Life Healthcare has confirmed that discussions regarding the potential sale of its 49.7percent stake in Max Healthcare in India are progressing well. Photo: Supplied
JOHANNESBURG - Life Healthcare has confirmed that discussions regarding the potential sale of its 49.7percent stake in Max Healthcare in India are progressing well. 

It was reported at the beginning of the year that Life Healthcare was considering offloading this stake for R5billion, as India has one of the most underfunded public healthcare systems among the world’s major economies, with around 70percent of patients using private healthcare.
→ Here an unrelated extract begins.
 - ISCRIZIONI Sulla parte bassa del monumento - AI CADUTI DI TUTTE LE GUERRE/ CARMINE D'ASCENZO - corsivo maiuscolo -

In the results for the six months to end March, the group said on Friday that Max Healthcare reported disappointing results, with the business negatively impacted by the Shalimar Bagh incident in December 2017, resulting in a knock-on effect on the balance of the Delhi business.

“In addition, the increased regulatory environment negatively impacted earnings before interest, tax, depreciation and amortisation (Ebitda) margins. The impact on the group for the period is a R67million loss compared to a loss of R12m in 2017,” the group said.
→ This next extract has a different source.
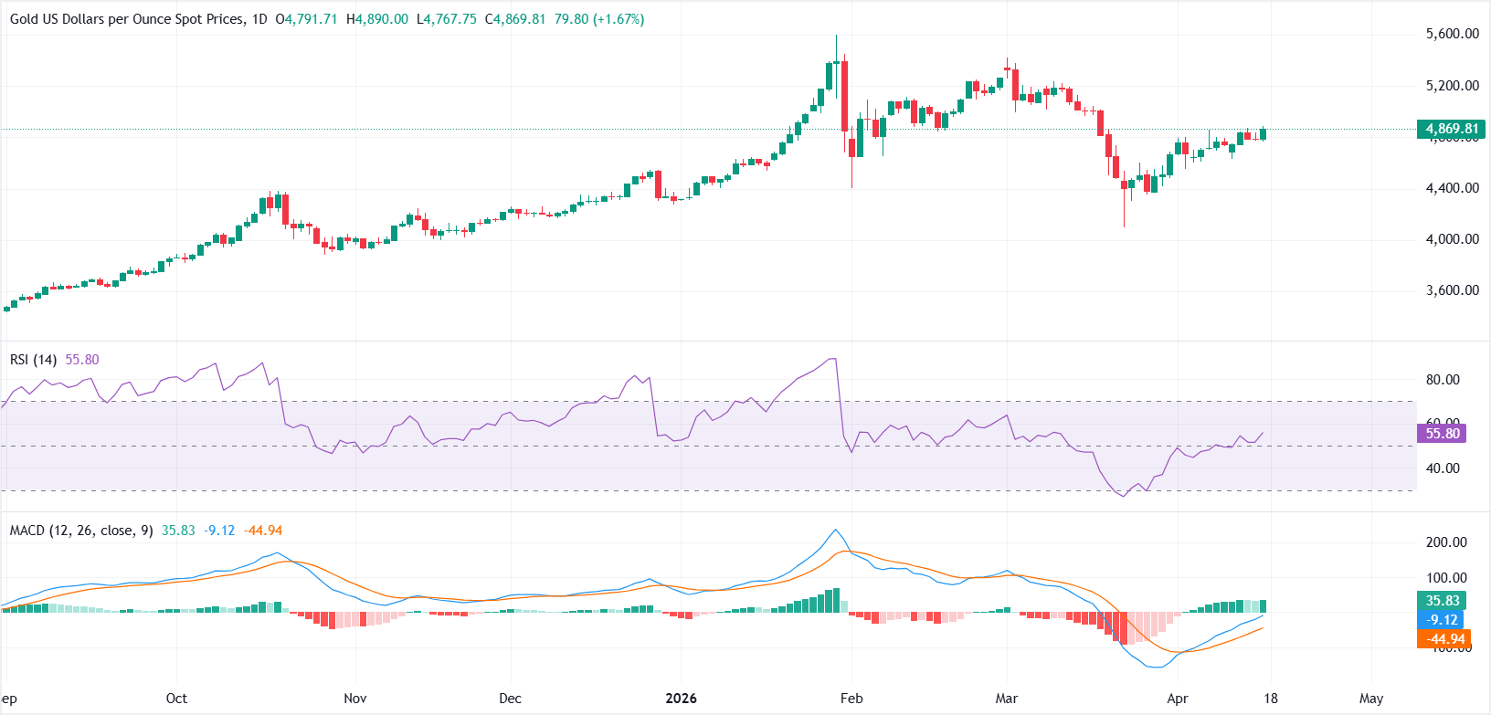 周五,黄金(黄金/美元)受益于美伊达成协议的希望以及霍尔木兹海峡重新开放,推动油价下跌,缓解通胀压力,强化了市场对美联储(FED)降息预期的信心。 标题:金价上涨,因伊朗重新开放霍尔木兹海峡、油价暴跌以及美联储降息押注增强

However, the disappointing performance did not have a negative impact on the group’s overall results.

The group reported a 17.5percent increase in revenue to R11.3billion, up from R9.6bn, while headline earnings per share increased by 116.5percent to 53.7cents a share, up from 24.8c as compared to last year. Earnings per share increased by 329.9percent to 54.6c, up from 12.7c.

Chief executive Dr Shrey Viranna said that going forward, Life Healthcare would continue to expand into complementary businesses and diversify from being predominantly a hospital business to an internationally diversified healthcare provider that offered a compelling range of services. The group declared an interim dividend of 38c a share, up by 9percent, as compared to 35c declared last year.
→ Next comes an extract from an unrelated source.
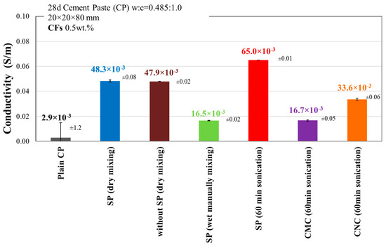 The average conductivity measurements derived from the experimental resistance measurements of the 28-day plain and reinforced cement pastes with CFs at volume fractions of 0.5 wt.% are presented in Figure 8. The addition of CFs incorporated by dry mixing resulted in an almost 17 times higher conductivity value compared to plain cement paste. An even higher increase in conductivity, by 96%, is achieved in the case of introducing the CFs dispersed by the ultrasonication process. This can be attributed to the adequate distribution of CFs in the cement-paste matrix, resulting in a continuous electrical network that allows the current to pass more easily.

Life Healthcare Southern Africa increased revenue by 9.7percent to R8.4bn, with the southern African hospitals’ and complementary services’ revenue rising 7.9percent to R7.8bn.

Healthcare services’ revenue increased by 42.4percent to R568m, up from R399m, and the group said this was due to the return of 700 Gauteng mental health patients and the acquisition of an occupational health and wellness business.

In 2016 the Gauteng Department of Health removed patients for Life Esidimeni hospital, which led to more than 100 deaths.

Normalised Ebitda in southern Africa increased by 5.8percent to R2.1bn.

Alliance Medical Group delivered a solid financial performance, with revenue increasing by 56.3percent to R2.3bn and normalised Ebitda up by 26.3percent to R518m. Scanmed revenue increased by 21.5percent to R644m and normalised Ebitda rose to R60m.